- **Your assignment**
Wherever pictures occur in the entries below, leave them out and retype the rest exactly.

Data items
Start of Block
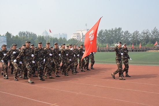 升国旗、奏国歌过后,军训科目表演正式开始,美术学院二营十连一排二排作为代表参加分列式表演。他们迎着凉爽的秋风,迈着坚定的步伐,英姿飒爽、神采奕奕。他们拿出最饱满的精神来接受这次检阅,他们信心满满展现出了属于美术学院的激情与活力。军训不仅仅是对他们身体上的锻炼,更多是精神上的磨砺,军训中他们深深体会到“掉皮掉肉不掉队,流汗流血不流泪”的含义所在,他们也学会了不怕苦不怕累的奋斗精神!
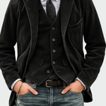 Sacoul oferă un look rafinat, iar vesta adaugă acel detaliu care face diferența.
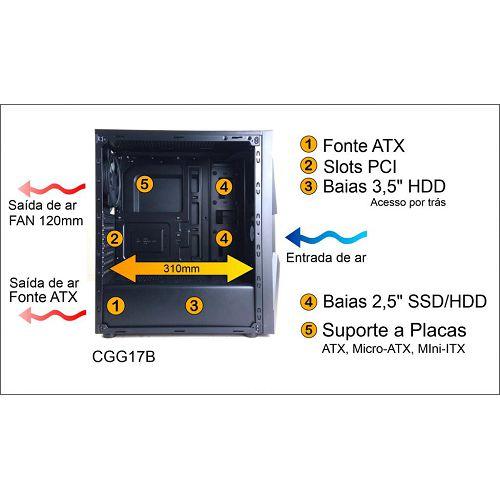 GABINETE GAMER S/ FONTE C/2 COOLER RGB PIXXO CGG17B
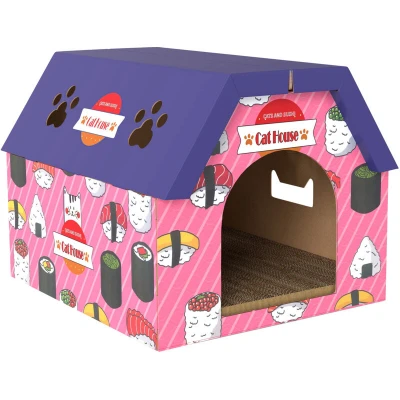 General description Tired of scratched furniture and bored cats? The PawHut cardboard cat house, inspired by sushi, transforms your space with playful patterns and paw-shaped vents. Its bright pink and purple tones create a whimsical backdrop for adorable cat photos, while the spacious inner area offers a cozy retreat and private play space for cats under 4 kg—making every day more joyful. Technical specifications Colour: Purple, Pink Material: Corrugated Cardboard Overall Dimension: 45.5L x 40W x 35.5H cm Internal Space Dimension: 45L x 40W x 32H/21H cm Door Opening Dimension: 20W x 21H cm Maximum Load: 4 kg Item Label: D30-894V00PK Usage Combines cat house and scratcher, offering play and cozy resting space Corrugated cardboard attracts scratching, protecting sofas and curtains Includes cat grass to entice play and help cats adapt quickly Adorable themed design brightens your home and delights your cat Spacious inner fits cats under 4kg, easy for them to enter Made from thick AB
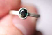 非加熱サファイアがまず珍しい上に、これは0.6~0.7Ctあってまあまあ粒が大きい。しかも緑と黄色のバイカラーね(写真2枚目、4枚目)。
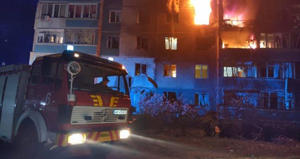 Також атаки зазнав Дніпровський район. Поранений чоловік, він лікуватиметься амбулаторно. Сталися кілька займань. Пошкоджені підприємства, зруйнована будівля, що не експлуатувалася.
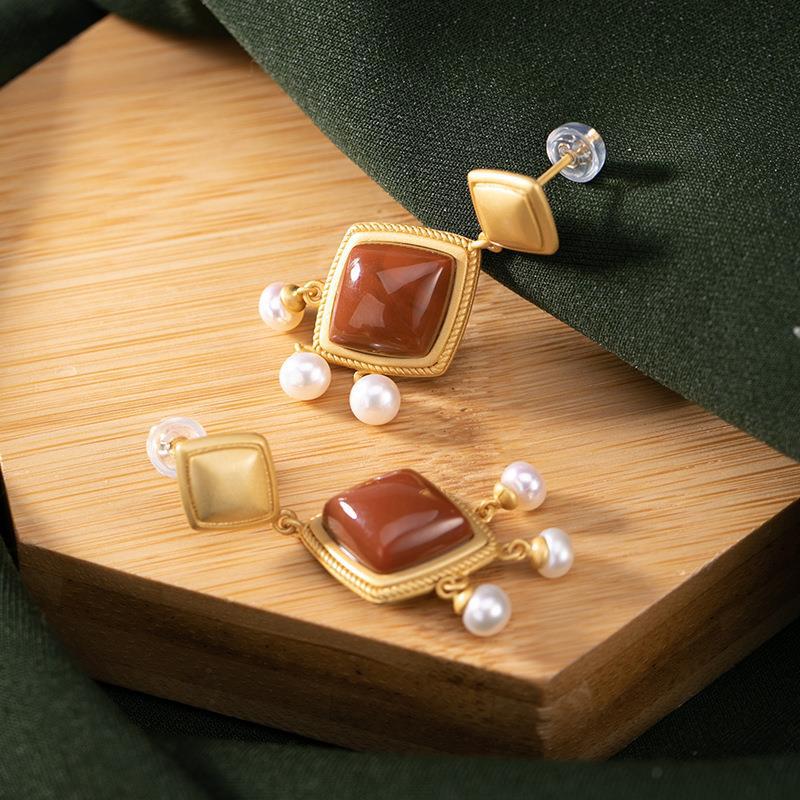 复古镶嵌南红玛瑙几何镀金小巧耳饰小众轻奢天然珍珠女耳钉
End of Block
- **Solution to this exercise**
 升国旗、奏国歌过后,军训科目表演正式开始,美术学院二营十连一排二排作为代表参加分列式表演。他们迎着凉爽的秋风,迈着坚定的步伐,英姿飒爽、神采奕奕。他们拿出最饱满的精神来接受这次检阅,他们信心满满展现出了属于美术学院的激情与活力。军训不仅仅是对他们身体上的锻炼,更多是精神上的磨砺,军训中他们深深体会到“掉皮掉肉不掉队,流汗流血不流泪”的含义所在,他们也学会了不怕苦不怕累的奋斗精神!
 Sacoul oferă un look rafinat, iar vesta adaugă acel detaliu care face diferența.
 GABINETE GAMER S/ FONTE C/2 COOLER RGB PIXXO CGG17B
 General description Tired of scratched furniture and bored cats? The PawHut cardboard cat house, inspired by sushi, transforms your space with playful patterns and paw-shaped vents. Its bright pink and purple tones create a whimsical backdrop for adorable cat photos, while the spacious inner area offers a cozy retreat and private play space for cats under 4 kg—making every day more joyful. Technical specifications Colour: Purple, Pink Material: Corrugated Cardboard Overall Dimension: 45.5L x 40W x 35.5H cm Internal Space Dimension: 45L x 40W x 32H/21H cm Door Opening Dimension: 20W x 21H cm Maximum Load: 4 kg Item Label: D30-894V00PK Usage Combines cat house and scratcher, offering play and cozy resting space Corrugated cardboard attracts scratching, protecting sofas and curtains Includes cat grass to entice play and help cats adapt quickly Adorable themed design brightens your home and delights your cat Spacious inner fits cats under 4kg, easy for them to enter Made from thick AB
 非加熱サファイアがまず珍しい上に、これは0.6~0.7Ctあってまあまあ粒が大きい。しかも緑と黄色のバイカラーね(写真2枚目、4枚目)。
 Також атаки зазнав Дніпровський район. Поранений чоловік, він лікуватиметься амбулаторно. Сталися кілька займань. Пошкоджені підприємства, зруйнована будівля, що не експлуатувалася.
 复古镶嵌南红玛瑙几何镀金小巧耳饰小众轻奢天然珍珠女耳钉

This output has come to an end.